◆ **Required work**
Give again, unaltered, the lines of the listing below that run from the line having "Если не соблюдать" through the line having "Zumindest Experte Deutschmanek".

◆ **Exercise input**
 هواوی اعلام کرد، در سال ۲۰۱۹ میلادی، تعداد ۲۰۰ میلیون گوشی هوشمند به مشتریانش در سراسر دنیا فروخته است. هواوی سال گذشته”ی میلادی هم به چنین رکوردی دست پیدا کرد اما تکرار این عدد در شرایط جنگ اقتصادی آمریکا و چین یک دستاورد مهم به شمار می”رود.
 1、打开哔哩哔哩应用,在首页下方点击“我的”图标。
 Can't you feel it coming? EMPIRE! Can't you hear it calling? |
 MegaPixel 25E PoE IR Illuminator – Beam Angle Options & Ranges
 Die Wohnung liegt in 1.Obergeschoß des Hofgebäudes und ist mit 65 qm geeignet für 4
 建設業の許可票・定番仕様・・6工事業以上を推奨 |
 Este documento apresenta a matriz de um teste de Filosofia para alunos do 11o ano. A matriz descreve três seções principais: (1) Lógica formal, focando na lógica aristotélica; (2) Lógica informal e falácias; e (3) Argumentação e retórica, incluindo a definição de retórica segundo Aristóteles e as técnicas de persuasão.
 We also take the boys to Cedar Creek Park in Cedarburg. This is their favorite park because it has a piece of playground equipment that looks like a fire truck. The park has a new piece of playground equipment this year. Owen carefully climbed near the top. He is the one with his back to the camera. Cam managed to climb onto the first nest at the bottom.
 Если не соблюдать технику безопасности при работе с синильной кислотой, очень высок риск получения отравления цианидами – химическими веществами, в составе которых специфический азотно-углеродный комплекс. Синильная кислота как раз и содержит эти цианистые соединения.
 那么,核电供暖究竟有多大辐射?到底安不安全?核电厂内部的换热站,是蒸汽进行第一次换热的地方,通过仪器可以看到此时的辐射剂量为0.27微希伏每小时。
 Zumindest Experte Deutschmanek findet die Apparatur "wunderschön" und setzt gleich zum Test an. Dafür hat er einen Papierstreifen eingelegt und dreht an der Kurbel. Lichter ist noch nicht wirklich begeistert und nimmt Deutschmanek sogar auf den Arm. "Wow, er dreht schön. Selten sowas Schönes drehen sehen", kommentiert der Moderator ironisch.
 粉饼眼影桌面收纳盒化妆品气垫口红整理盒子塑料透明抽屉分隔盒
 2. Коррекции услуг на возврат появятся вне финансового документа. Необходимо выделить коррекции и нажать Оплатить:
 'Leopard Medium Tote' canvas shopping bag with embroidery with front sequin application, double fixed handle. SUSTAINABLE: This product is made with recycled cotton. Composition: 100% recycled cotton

◆ **The completed task**
 Если не соблюдать технику безопасности при работе с синильной кислотой, очень высок риск получения отравления цианидами – химическими веществами, в составе которых специфический азотно-углеродный комплекс. Синильная кислота как раз и содержит эти цианистые соединения.
 那么,核电供暖究竟有多大辐射?到底安不安全?核电厂内部的换热站,是蒸汽进行第一次换热的地方,通过仪器可以看到此时的辐射剂量为0.27微希伏每小时。
 Zumindest Experte Deutschmanek findet die Apparatur "wunderschön" und setzt gleich zum Test an. Dafür hat er einen Papierstreifen eingelegt und dreht an der Kurbel. Lichter ist noch nicht wirklich begeistert und nimmt Deutschmanek sogar auf den Arm. "Wow, er dreht schön. Selten sowas Schönes drehen sehen", kommentiert der Moderator ironisch.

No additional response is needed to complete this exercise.